After your joins, if done on keys, you should get your result in ~0.003 sec

Do a DESCRIBE on your query, and change it to get less joins in there, and I’m sure you can make it at least 10 times faster.

Example:


# table has indexes on type1 and type2

# Slower
SELECT id FROM table WHERE type1 = 1 OR type2 IN (1,2,3,4);

# Faster
SELECT id FROM table WHERE type1 = 1
UNION
SELECT id FROM table WHERE type2 IN (1,2,3,4);

Reason:
When you use the OR, MySQL will only use one of the two indexes. So when your using UNION, it does the SELECT twice, both times on indexes.

Play around with DESCRIBE to optimize queries.

Ps:

Sometimes, the queries that slow down your server are not the slow ones, but the “fast enough” ones that get run 100 times per page… I would look for some of those to optimize.

r937 · February 25, 2010, 4:45pm

Vali:

Example:
# table has indexes on type1 and type2

# Slower
SELECT id FROM table WHERE type1 = 1 OR type2 IN (1,2,3,4);

# Faster
SELECT id FROM table WHERE type1 = 1
UNION
SELECT id FROM table WHERE type2 IN (1,2,3,4);
Reason:
When you use the OR, MySQL will only use one of the two indexes.
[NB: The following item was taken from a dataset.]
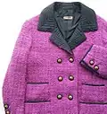 El traje rosa de Jacqueline, quien fue un icono de la moda, es el más conocido y referenciado de todos los elementos de su guardarropa, llegando a convertirse en su marca personal.[4][5] Un tema objeto de debate durante mucho tiempo entre historiadores y expertos en moda fue si el traje había sido elaborado por Chanel en Francia o si se trataba de una copia de alta calidad adquirida en las colecciones semianuales de Karl Lagerfeld o Chez Ninon en Nueva York. El dilema fue resuelto por Justine Picardie, biógrafa de Coco Chanel, quien demostró que el traje en cuestión es en realidad una copia elaborada por Chez Ninon haciendo uso de patrones y materiales autorizados por Chanel.[6]
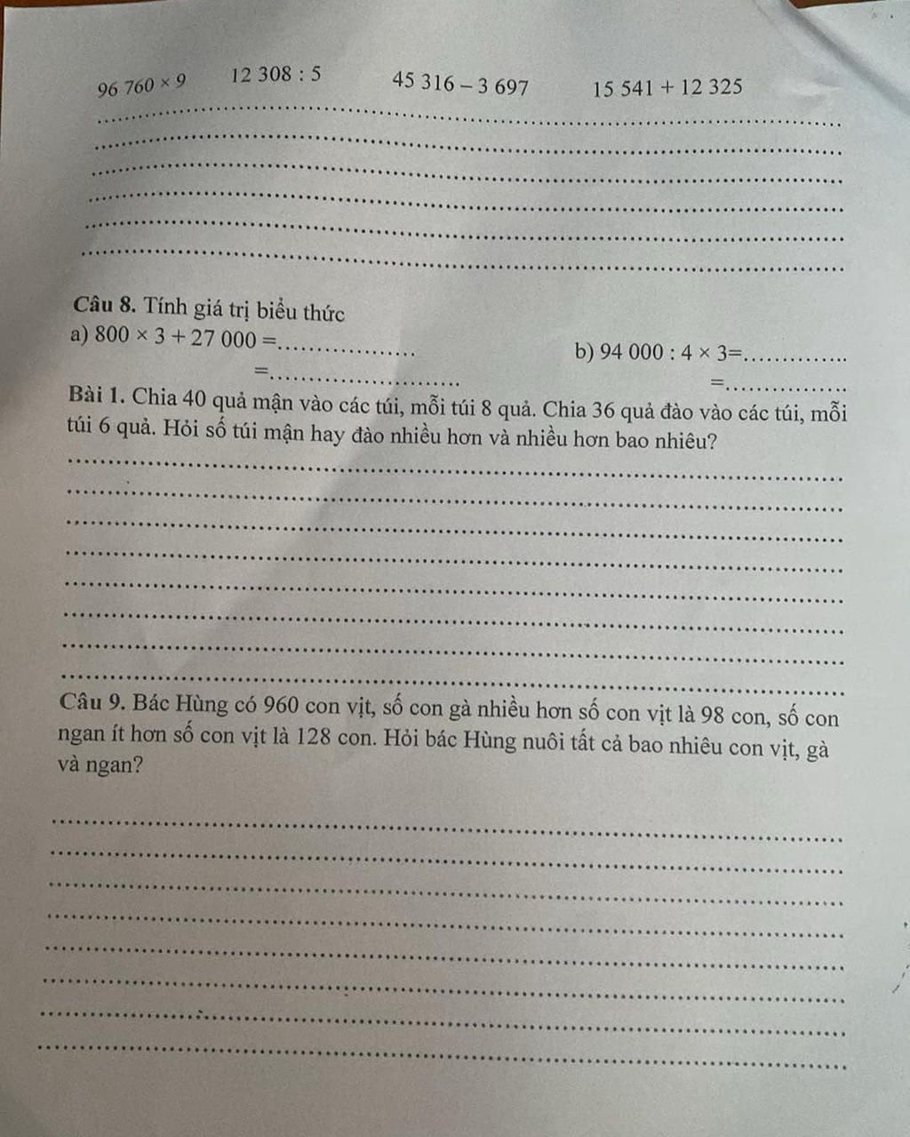 Đáp số.....

So when your using UNION, it does the SELECT twice, both times on indexes.

this is a fabulous example, may i steal it?

by the way, not all databases work this way, some can do index merges because they can actually utilize more than one index (shocking, eh)

sadly, i’m finding it harder and harder to remember all these little nuances for multiple database systems…

so my strategy is to write SQL that is easy to write and more importantly easy to understand

thus, i would write the OR syntax rather than the UNION syntax, if i even remembered about the UNION syntax

(and like SQL, i don’t use hacks in CSS, either)

but you are right, little nuances like this are extremely important for “hardening” an application that will see heavy use

rpkamp · February 25, 2010, 7:00pm

To continue the discussion from a few posts back, I’ve been thinking about it quite a lot the last few days, and I think that “under the hood” DBMSs rewrite IN to a series of OR’s.

At a low level, the DBMS has to check whether the specified field has some value, and since it impossible to check if the value of a field is in a given collection of values at once, the DBMS would need to check it for each of the possibilities separately.

For those of you who might argue the DBMS could use something like PHP’s in_array() to check if the specified value has one of the values in a given collection I have to disappoint you, “under the hood” PHP is also checking the values one by one.

Since DBMSs rewrite the query once and then execute it, it would be weird if they left the IN in the query, since it will have to be executed as a series of OR’s.
So rewriting IN to series of OR’s makes sense. Well, at least to me it does

Dan_Grossman · February 25, 2010, 7:33pm

MySQL doesn’t actually execute any query in any manner.

The MySQL server has a query optimizer and planner which rewrites the query to a simplified query language, and that query is passed on to the storage engine used by the table.

The storage engine is what actually implements all the information retrieval and modification operations. To talk about the retrieval algorithm at such a low level you have to dig into the storage engine. MyISAM does it totally different than InnoDB, and there are at least 20 engines you can choose from. Each can implement the lower level query operations differently.

rustybuddy · February 25, 2010, 7:52pm

This is very interesting to me… I wasn’t aware that MySQL could only utilize 1 key per select… hmmm…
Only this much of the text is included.